= Attorneys in Japan =

In Japan, attorneys at law (弁護士, bengoshi) form the base of the country's legal community.

==History==

===Pre-Meiji restoration===
Historically, Japanese customs instituted an avoidance of legal involvement, based upon Confucian doctrines, and Japanese principles of harmony; anyone brought before a court for a criminal or civil matter suffered public and private humiliation, since they disrupted harmony.

Nevertheless, by the 18th century, innkeepers in Edo began offering simple legal services for guests. They were known as Kujishi. By the 19th century, references began to appear in Japanese literature on the role of "European-style" lawyers.

Officially recognized legal representatives in civil trials, known as daigennin, began to appear by the mid-19th century. No legal training was required to be a daigennin.

===Meiji restoration===
Regulation of legal professionals began during the Meiji Restoration. In 1890, the Criminal Code was amended, which recognized the right to legal representation during a criminal trial.

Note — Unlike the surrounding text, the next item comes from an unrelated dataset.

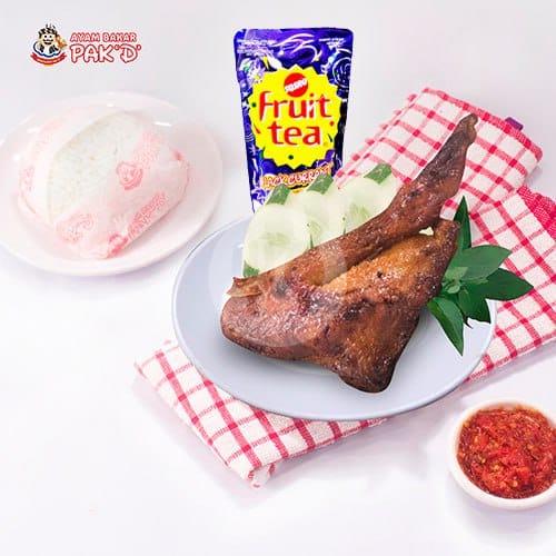 Nasi + ayam kampung + sambal + lalapan + Fruit Tea

The state's representative at the trial, known as a Procurator, was given the prestige of being a government official. By association, it unofficially granted a modicum of official status to the daigennin.

The government also required the establishment of bar associations at each district court, and by 1893, the Lawyer's Law was promulgated, officially regulating the legal profession by setting standards for, as well as legitimatizing, attorneys at law.

===Post-World War II===
The Attorney Act (弁護士法, bengoshihō) was promulgated in 1949, which officially laid down the mission of an attorney at law, as well as establishing other requirements for those in the profession.

==The legal industry==
The legal profession in Japan (hōsō) comprises judges, prosecutors, and attorneys. In Japan, judges are not selected from experienced lawyers, but instead are selected after the one-year of mandatory "Legal Training Research Institute".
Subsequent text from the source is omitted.